ISPConfig 3 PHP Fatal Error after deb.sury.org PHP upgrade – IDS temp folder becomes read-only (syst

For anyone running into the same issue and scratching their heads:

Symptoms

After a PHP or system update (deb.sury.org packages), ISPConfig interface may fail with HTTP 500 errors.

Webserver error log shows:

Code:

PHP Fatal error: Uncaught InvalidArgumentException: Please make sure the folder '/usr/local/ispconfig/interface/lib/classes/IDS/../../../temp' is writable in Monitor.php

This resolves to:

Code:

/usr/local/ispconfig/interface/temp

Strace / logs indicate:

Code:

access("/usr/local/ispconfig/interface/lib/classes/IDS/../../../temp", W_OK) = -1 EROFS (Read-only file system)

Directory permissions appear correct:

Code:

drwxr-x--- ispconfig ispconfig /usr/local/ispconfig/interface/temp

Root cause

This is not a filesystem permission issue.

Recent deb.sury.org PHP-FPM packages enable stricter systemd sandboxing, typically:

• ProtectSystem=full

This makes parts of the filesystem read-only inside the PHP-FPM service context, including:

Code:

/usr/local/ispconfig/interface/temp

Even though it is writable on disk, systemd blocks write access at runtime.

Reproduction:

Code:

systemd-run --pty --property=ProtectSystem=full touch /usr/local/ispconfig/interface/temp/foo

Result:

Code:

Read-only file system

And proving that adding ReadWritePaths does work by running this successfully:

Code:

systemd-run --pty --property=ProtectSystem=full --property=ReadWritePaths=/usr/local/ispconfig/interface/temp touch /usr/local/ispconfig/interface/temp/foo

Fix

Add an explicit write exception for the ISPConfig temp directory.
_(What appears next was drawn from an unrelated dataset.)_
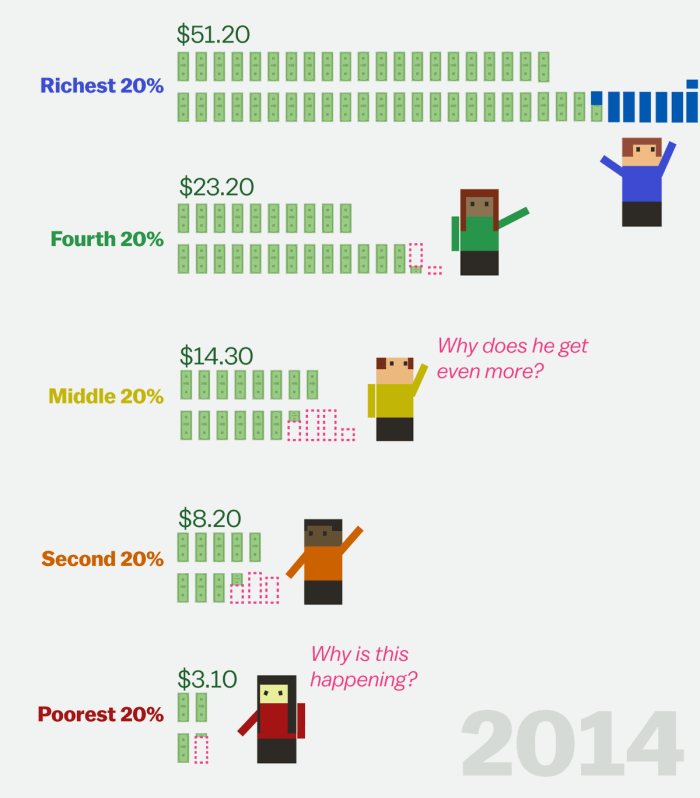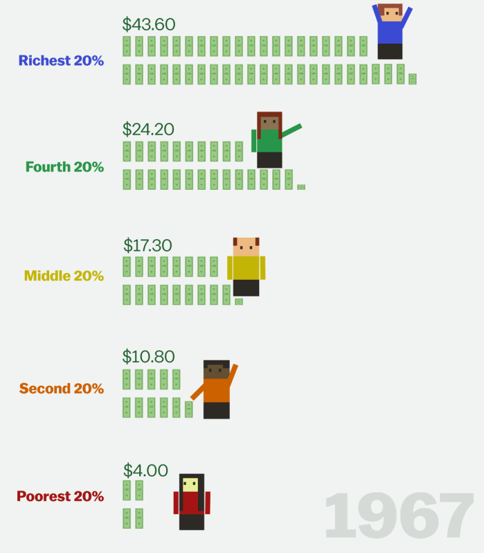 The poorest 20 percent are wearing red shirts. The second 20 percent are wearing orange, and so on:
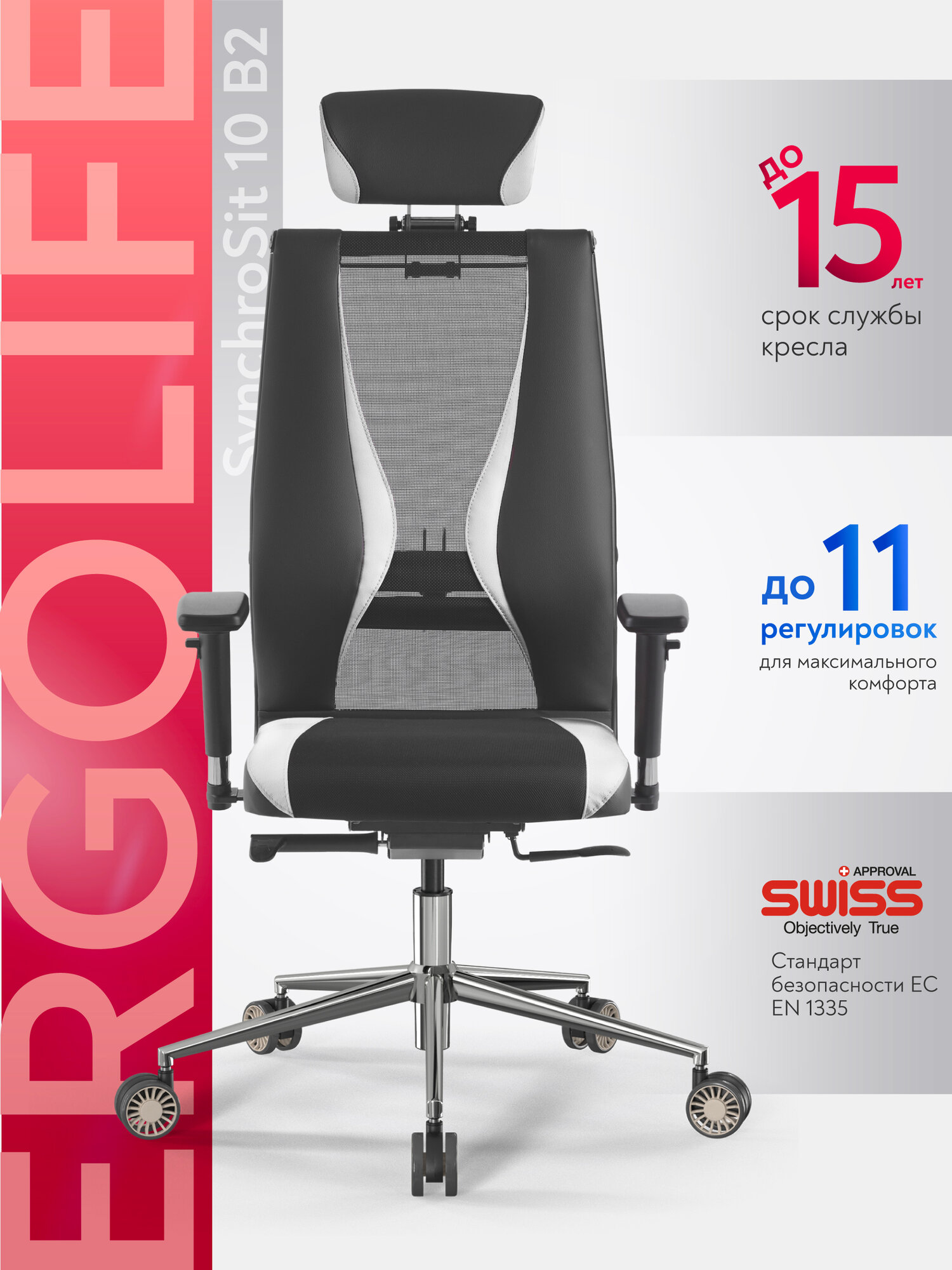 | Регулировка | высоты подголовника, высоты подлокотников, высоты поясничного упора, высоты сиденья, глубины положения подлокотников, глубины сиденья, наклона спинки, угла наклона подголовника, угла подлокотников |

Create or edit (systemctl edit php8.2-fpm):

Code:

/etc/systemd/system/php8.2-fpm.service.d/override.conf

Add:

Code:

[Service]
ReadWritePaths=/usr/local/ispconfig/interface/temp

Apply changes

Reload systemd and restart PHP-FPM (restart is required, not reload):

Code:

systemctl daemon-reload
systemctl restart php8.2-fpm

References

ProtectSystem documentation:
URL: https://linux-audit.com/systemd/settings/units/protectsystem/

Related ISPConfig discussion:
URL: https://forum.howtoforge.com/threads/ispconfig-error-500.93106/

 

thanks

 

@till have you noted this? Other than the suggested, I also noted that in the other thread it was resolved by an ISPConfig, so will ISPConfig have something built in to accommodate or prevent this occurrence in the future?

 

Thank you for the fix and sharing it in detail. Helped me. I do appreciate fix much.

 

So, would a relatively safe alternative be to simply disable IDS for anon and user until there is a patch for latest Ispconfig3 that takes the new hardened fpm security settings into effect? Or do you recommend leaving the IDS alone and applying this fix, and if so, will this fix be "corrected" or taken into account when the Ispconfig3 patch is released with the next ispconfig version?